Так что мне нетрудно зрительно представить его, уходившего по переулку после очередного унылого ужина в своей кухне, и догадаться, с какими мыслями. Интересно, приходило ли ему на ум хоть раз пойти, как раньше, в «Собаку», махнуть рукой на «Рочестер», на Хилду Уилкинсон, спокойно вернуться к прежней жизни, пусть ограниченной, однообразной, но сулящей по крайней мере скромные преимущества предсказуемости и своего рода гармонии? Нет, разумеется; только мучительная ностальгия могла бы возродить его прежнюю жизнь, жизнь до Хилды; он слишком часто ощущал под ладонями ее груди, мягкость ее живота, прижимавшегося к его животу, и особенно головокружительную эйфорию от ее расстегивающих ему брюки пальцев — и когда воспоминания об этих ощущениях охватывали его, отец возбуждался даже на ходу, и все сомнения, все колебания улетучивались. Тут он был над собой не властен.
Один из вечеров в «Рочестере» мне очень хорошо запомнился. Он был отвратительным. Сказалось то, что отец пришел с Китченер-стрит в дурном настроении, из-за чего был еще более чужим среди друзей Хилды, в окружении позолоты и зеркал большой шумной пивной. К тому же, возможно, он видел, как вошел один из завсегдатаев «Собаки» — мысль, что об этом узнает Рэтклифф, вызвала бы у него беспокойство — Эрни любил сплетни и злословие больше всего на свете. Словом, он сидел там больше часа, хмурый, замкнутый, и даже Хилда не могла его оживить. Когда они уходили, она держалась холодно, надменно, не позволила ему взять себя под руку. В переулке, неподалеку от Сплин-стрит (я бесшумной тенью крался в потемках за ними вплотную), отец попытался прижать Хилду к стене. Не тут-то было! Она напустилась на него так, что он попятился — какой фурией становилась эта женщина, выходя из себя! Глаза ее сверкали.
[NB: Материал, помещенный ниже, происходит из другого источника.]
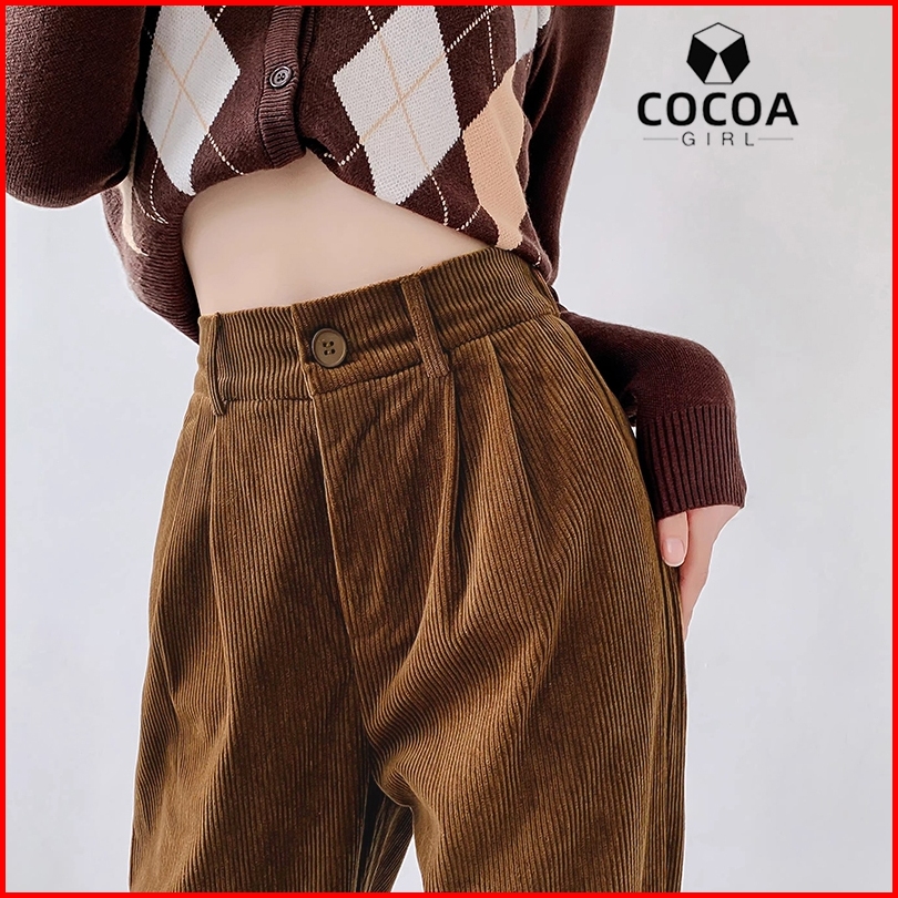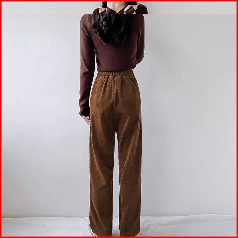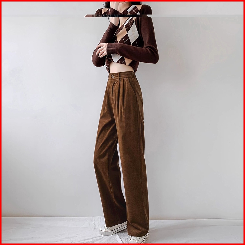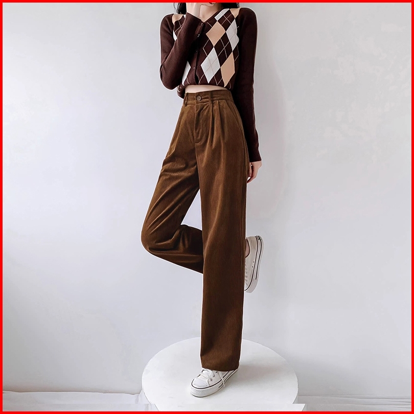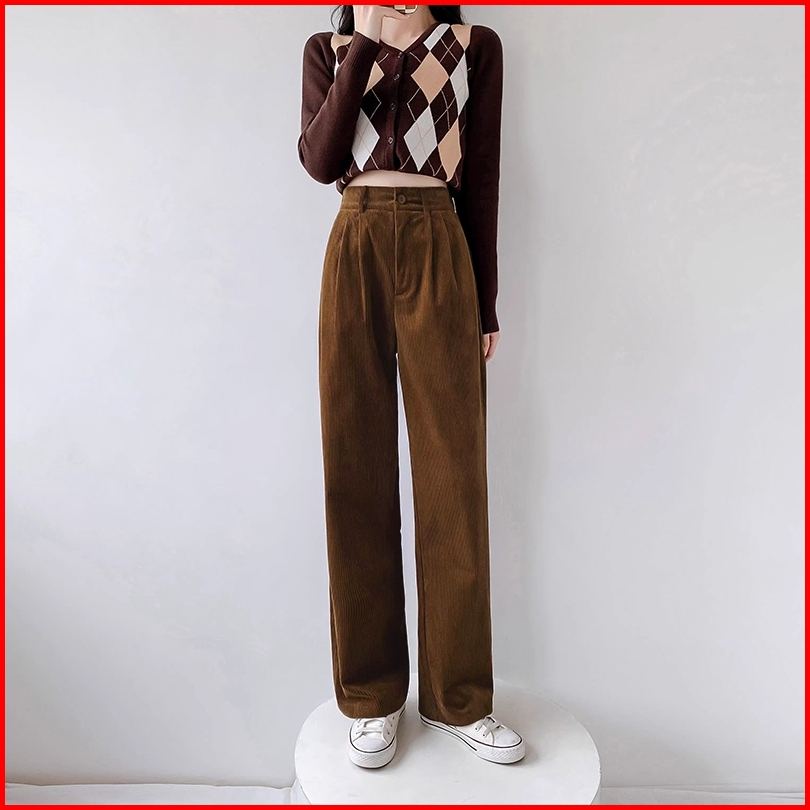 Celana Corduroy Wanita Celana Korean Style Celana Kulot Wanita Baggy Pants Coklat Highwaist Pants Straight Pants Celana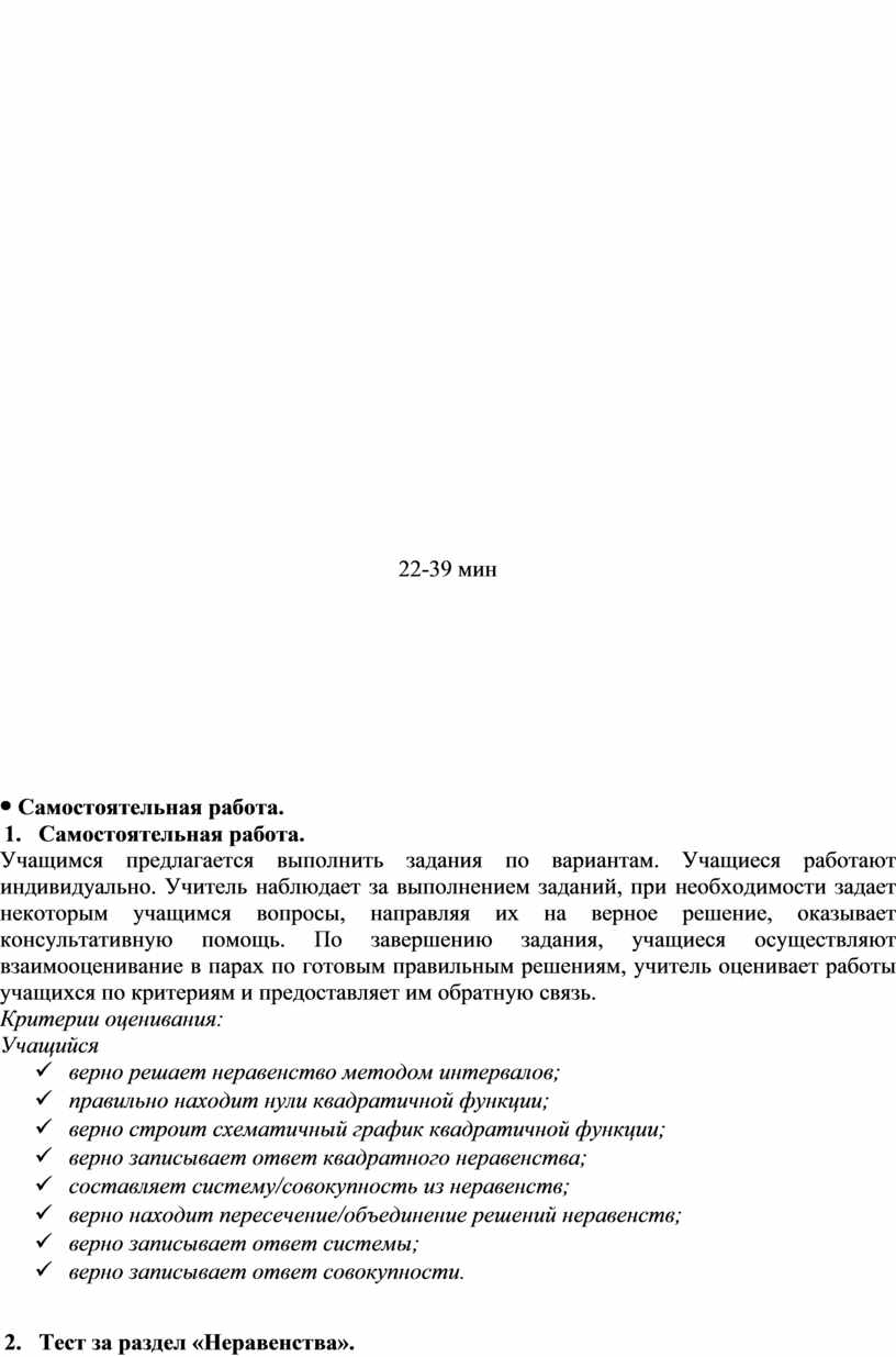 3. Самостоятельная работа. Учащимся предлагается выполнить задания по вариантам. Учащиеся работают индивидуально. Учитель наблюдает за выполнением заданий, при необходимости задает некоторым учащимся вопросы, направляя их на верное решение, оказывает консультативную помощь. По завершению задания, учащиеся осуществляют взаимооценивание в парах по готовым правильным решениям, учитель оценивает работы учащихся по критериям и предоставляет им обратную связь. Критерии оценивания: Учащийся ü верно решает неравенство методом интервалов; ü правильно находит нули квадратичной функции; ü верно строит схематичный график квадратичной функции; ü верно записывает ответ квадратного неравенства; ü составляет систему/совокупность из неравенств; ü верно находит пересечение/объединение решений неравенств; ü верно записывает ответ системы; ü верно записывает ответ совокупности.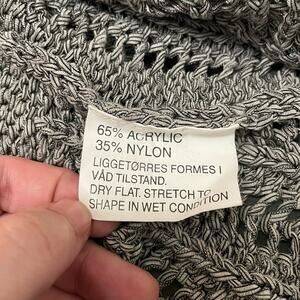 Gently worn long sleeve knit pullover sweater from Danish brand Skovhuus in a gray colorway. Design features beautiful openwork details at the collar, sleeve cuffs, and hemline.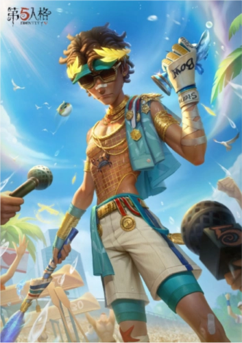 【稀世时装】击球手-冠军舵手头戴碧色鸭舌帽,架着鸦青色墨镜,鎏金橄榄叶帽带泛着璀璨光芒,既显青春活力,又藏几分沉稳老练。鼻梁上的晒伤痕迹已被他习惯地贴上创可贴。他身着金色渔网背心,左肩搭着天蓝色浴巾,上面缀满旧时奖牌。古铜色肌肤上,晶莹的水滴顺着肌肉滑落,折射出阳光的斑斓。手边一支晶蓝色船桨已折断,桨身缠绕着领航旗帜。他曾是万众瞩目的冠军舵手,可往昔回忆却如海藻般时时缠绕心头。
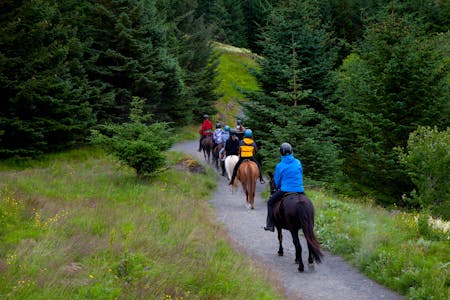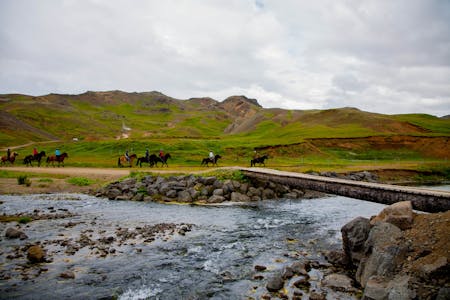 On the horse riding tour by hot springs, you'll have the opportunity to take in a range of landscapes. The ride begins on well-maintained trails that take you up a hill, through a green forest (a rare sight in Iceland), and along the mountain Reykjafjall. You'll pass many hot springs in the impressive and colorful geothermal area above the village of Hveragerði, also known as the "hot spring capital of the world." This region underwent significant expansion following an earthquake in 2008 and is constantly changing. The route also goes through volcanic hills above the village, which boasts a beautiful location between the volcano Hengill and the vast plains of the southern lowlands. You'll have a nice view of the Varmá river (called the "warm river" because geothermal water flows through it) and green valleys with rising steam in the distance.

— Не уделяешь мне внимания, а, водопроводчик? — повысила она голос. — Утруждать себя не желаешь? Не знаю, на кой черт связалась с таким, сидел весь вечер, как на похоронах — что это с тобой? А?
Она входила во вкус, вздернула подбородок, откинула назад полы шубы, упершись руками в обтянутые юбкой бедра. Отец отвернулся и смотрел в переулок, в ту сторону, где я прятался за мусорным баком.
— Оставь, Хилда, — с досадой сказал он, доставая кисет.
— Оставить? Смех да и только. Оставь меня, водопроводчик. Сидел весь вечер, как истукан, а потом хочешь потискать меня в переулке. Что это с тобой? Недополучил плату за трубы?
Я увидел, как отец оцепенел, словно эти слова задели его за живое. Уличный фонарь в другом конце переулка отбрасывал слабые блики света в щели между булыжниками мостовой и вдоль рядов кирпичной кладки. За трубы? За трубы? Так этим все и объяснялось? Отец не получил от нее денег за работу и знал, что не получит, — значит, она считала, что расплачивается с ним таким образом? Побледнев, он сунул кисет обратно в карман. Хилда бросила на него взгляд, приняла равнодушный вид, вздернула массивный подбородок.
— Что скажешь, водопроводчик? Это правда?
Отец стоял, весь белый от ярости, по-прежнему спиной к ней, и силился взять себя в руки. Больше всего ему хотелось жестоко ее избить, я это видел по знакомому выражению лица — он хотел исколотить ее до полусмерти, причинить ей такую же боль, что и она ему.
— Иди сюда, водопроводчик, — услышал отец ее голос.
И не шевельнулся.
— Иди же, водопроводчик.
Голос стал вкрадчивым. Хилда любезной. Отец повернулся. Со все еще отброшенными назад полами шубы, с руками на бедрах она прислонялась к стене, согнув одну ногу в колене, чтобы приподнялась юбка, и улыбалась ему.
— Иди ко мне, — прошептала Хилда.
Он подошел, покорно, будто собака. Продолжая держать на бедре одну руку, Хилда обхватила его другой сзади за шею, притянула к себе и нежно поцеловала в губы. Руки его лежали у нее на бедрах, задирали юбку; внезапно он распалился похотью к этой женщине, потерял голову, хотел взять ее немедля, сию же минуту у этой стены, уже расстегивал брюки, ошалелый, тяжело дышавший от страсти — но Хилда, не прекращая поцелуя, ухватила его руки, отвела от себя и отпрянула от него. Издала очень хриплый смешок и с дрожью запахнула шубу.